The hardest part of laundry is folding it and putting it away after. If you don't fold it right away then it's wrinkly and you have to look at each thing and decide to fluff it or iron to make it look decent.

Finding a massive unwashed pile of clothing in the hamper is preferable to encountering a mystery stack of wrinkled but clean clothes.


PP here and yes I totally agree. I thought of this example reading OP's post because last week we were both working from home on Friday when he did this and it was a genuine source of stress for me to watch that pile grow throughout the day. I said something to him about it ("maybe we shouldn't do anymore laundry today as it's going to take a while to get through all the folding") and he was like "don't worry about it -- I want to get through all the washing first." The pile sat there all weekend until finally I broke down on Sunday and folded it. I didn't fluff or iron anything because I just refuse but it took me a full hour and I was very irritated. But if I say anything he'll be like "I can't believe you are mad at me for doing the laundry."

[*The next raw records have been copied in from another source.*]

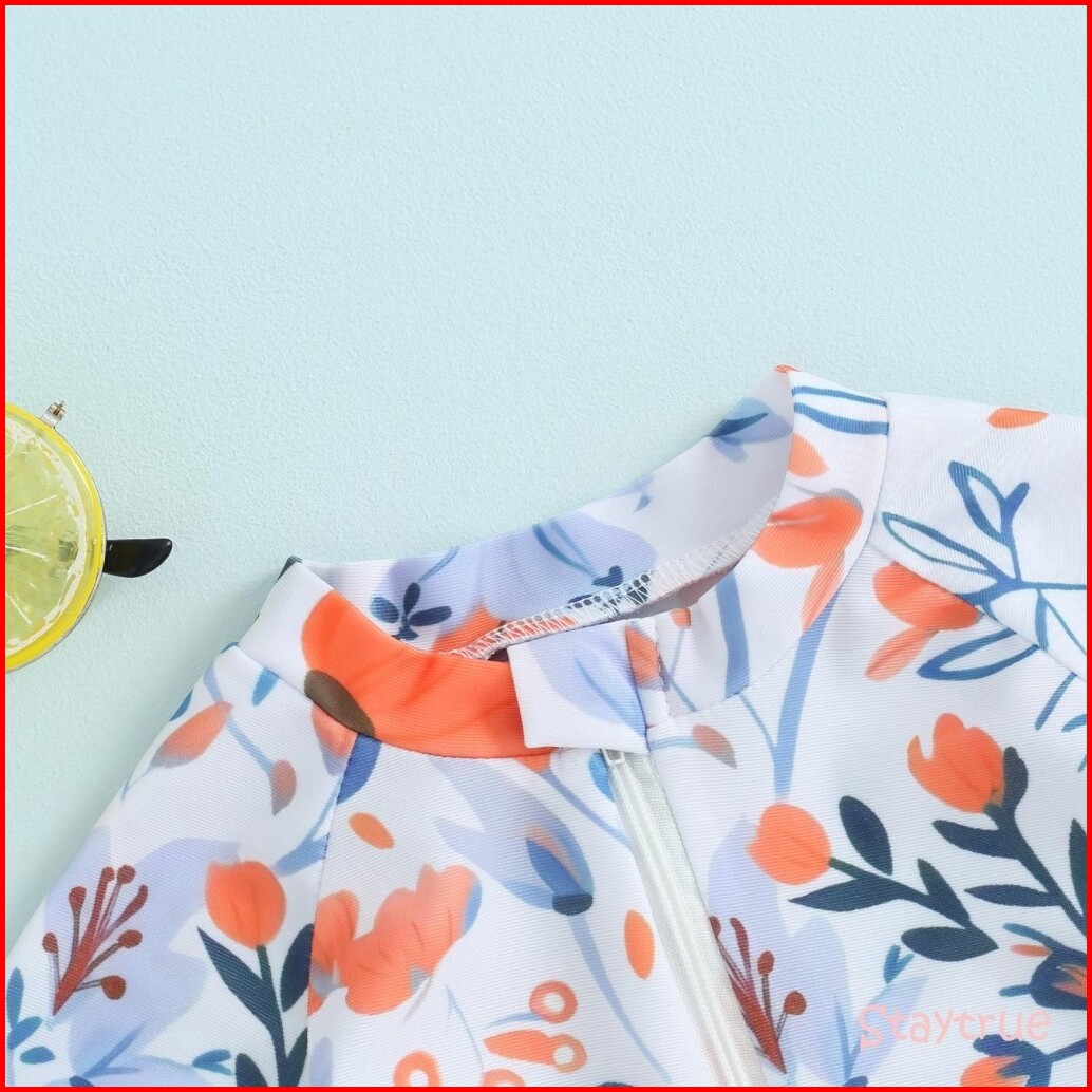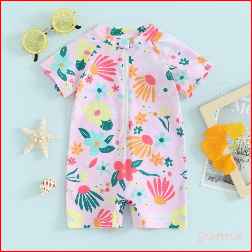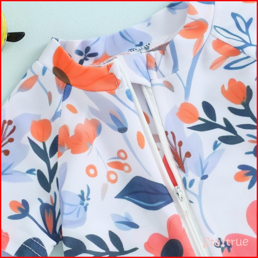 Baju Renang Pelindung Ruam Balita Perempuan Baju Monyet Ritsleting Lengan Pendek Motif Bunga Baju Renang Anak Pakaian Re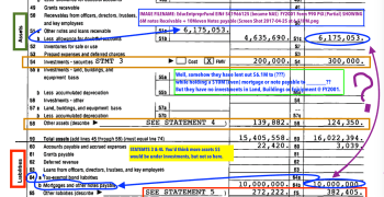 From its Schedule A of Support, I see that it apparently was funded (with about $3M!) the first time in 1999, only a few years earlier. From its Balance Sheet (partial image) we see it is claiming $6M+ is due TO it, but its also holding a $10,000,000 “mortgage or notes payable” as a liability, and it doesn’t say which. In fact no explanation that I could see for what the $10M might represent is given. 11 images in all. I put some time into captions, but am not sorting the related pdfs. My order of “images” doesn’t exactly match the page order within the Form 990.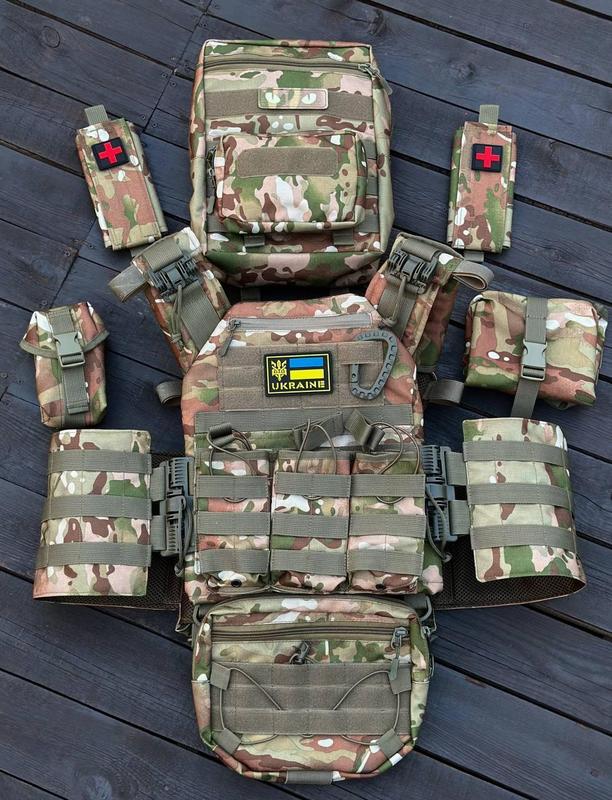 ## Плитоноска GEN.7 быстрого сброса+ 7 Подсумоков и Рюкзак Мультикам для боевых операций VE-33 Обращаем Ваше внимание, что фурнитура может отличаться по цвету, в зависимости от партии поставки. Шеврон в комплект не входит Плитоноска с системой быстрого сброса 1 шт тройной подсумок под магазины 1 шт рюкзак 1 шт утилитарный подсумок 1 шт подсумок сумка для сброса 1 шт подсумок под гранату 1 шт подсумок под турникет,2 шт напашник с карманом под баллистический пакет 1 шт боковые карманы под мягкие баллистические пакеты 15*30 см Качественная плитоноска по стандарту НАТО оснащена боковой и верхней системой быстрого сброса, под плиту 25×30 см. - Размер плитоноски универсален, регулируется на плечах и по объему от М до XXL. - С середины прошита 3D сеткой и смягчающей подкладкой, что служит дополнительным. демпфером. - Позади оснащена эвакуационной ручкой. - По верху прошита системой Molle, позволяющей крепить любые подсумоки и другое дополнительное снаряжение. - По переду вшита дополнительная карман на молнии для личных нужд . - Бронеплиты вставляются снизу и фиксируются широкой системой липучек, что не даст вашим плитам выпасть или протереть крепление. Изготовлена из прочной, водонепроницаемой ткани Кордура 900D. Для пошива используется полиамид. стропа. Для ее изготовления используется стойкий к износу, суперпрочный, высококачественный полиамид. Обладает отличными свойствами: высокий уровень прочности, надежный, сможет выдержать большие нагрузки, устойчив к негативному воздействию ультрафиолета, влаги, высоких/низких температур, долговечен. Соответствует требованиям отечественных стандартов качества. Плитоноска прошита армированными нитями, что повышает срок службы изделия. Успейте заказать, количество штук по акции ограничено! Остерегайтесь подделок и низкокачественного товара, его сейчас очень много представлено под видом oригинaлa! Мы предлагаем высочайшее добротное качество товара на рынке Украины, который выполняет свою функцию и от которого вы будете получать только приятные эмоции. Почему покупают именно у нас? Отзывы и рекомендации реальных клиентов Наш магазин имеет многочисленные положительные отзывы от довольных клиентов. Вы можете ознакомиться с их опытом и рекомендациями в описании ниже и на нашем сайте, что поможет вам сделать обоснованный выбор. Прозрачность и честность Мы ведем открытую и честную политику в отношениях с клиентами и всегда идем навстречу. Все характеристики товаров, условия гарантии и обмена четко указаны на нашем сайте, что позволяет избежать недоразумений и обеспечивает доверие клиентов. Легкая система возврата товаров Мы понимаем, что иногда товар может не подойти Вам по тем или иным причинам. Поэтому мы предлагаем гибкую и прозрачную систему возврата товаров, что обеспечивает вам спокойствие и уверенность в вашей покупке. Высокий уровень обслуживания клиентов, 10 лет опыта Наши специалисты всегда готовы предоставить профессиональную консультацию и помощь в выборе товара. Мы ценим каждого клиента и стремимся сделать процесс покупки максимально комфортным и приятным. Быстрая доставка и удобные условия оплаты Мы предлагаем быструю и надежную доставку по всей стране, а также разнообразные способы оплаты, включая наличный и безналичный расчет. Наши клиенты могут выбрать наиболее удобный для себя спос
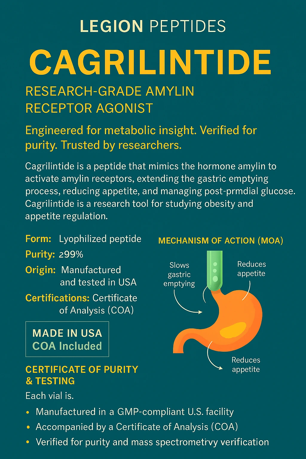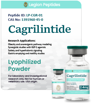 No. Cagrilintide sold by Legion Peptides is strictly for in vitro and in vivo laboratory research. It is not intended for human or veterinary use, and any off-label application is strictly prohibited.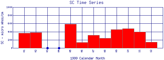 Specific Conductance Time Series for 1999 Boulder Creek at 95th St |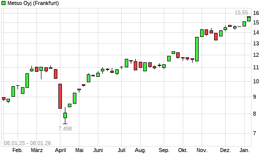 Mit dem Anstieg auf 15,48 EUR hat die Metso Outotec-Aktie (ISIN FI0009014575) am 07.01.2026 ein neues All-Time-High erreicht und damit den Kurs vom 06.01.2026 eingestellt.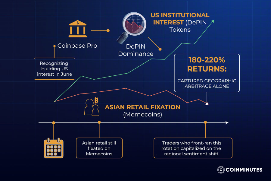 One way professionals operate involves positioning across regions based on shifting momentum. Instead of holding uniform views globally, they favor digital assets where local markets begin gaining traction - while taking offsetting positions where attention lags. During midyear, a signal emerged through increased activity tied to DePIN-related tokens on U.S. platforms such as Coinbase Pro. At that time, individual buyers in parts of Asia continued focusing on speculative trends unrelated to infrastructure themes. Those aware of the developing imbalance positioned ahead of broader awareness. Returns from this spatial misalignment ranged between 180% and 220%. Profit came simply from observing differing regional priorities at different times.

It sounds like “we” didn’t do laundry that day… HE did laundry and “we” weren’t involved until you did YOUR share and folded it… an entire week later. I’ll bet HE didn’t complain, though.


Well I was working and didn't have time to fold four loads of laundry that day -- I was working. Turns out he also didn't have time to fold the laundry either because he didn't. Anyone can just move laundry through the machines during little breaks between calls or whatever -- this takes maybe a minute or two per load. So he spent 10 minutes doing laundry on Friday and I spent an hour folding and putting away laundry on Sunday (2 days later not an entire week -- eventually we actually needed those clothes to wear).

Why would he complain about this. He actually thinks he accomplished something but I did more than half of the work.
Anonymous
Post 07/23/2024 18:32     Subject: How to get through to DH that doing 80% doesn't count?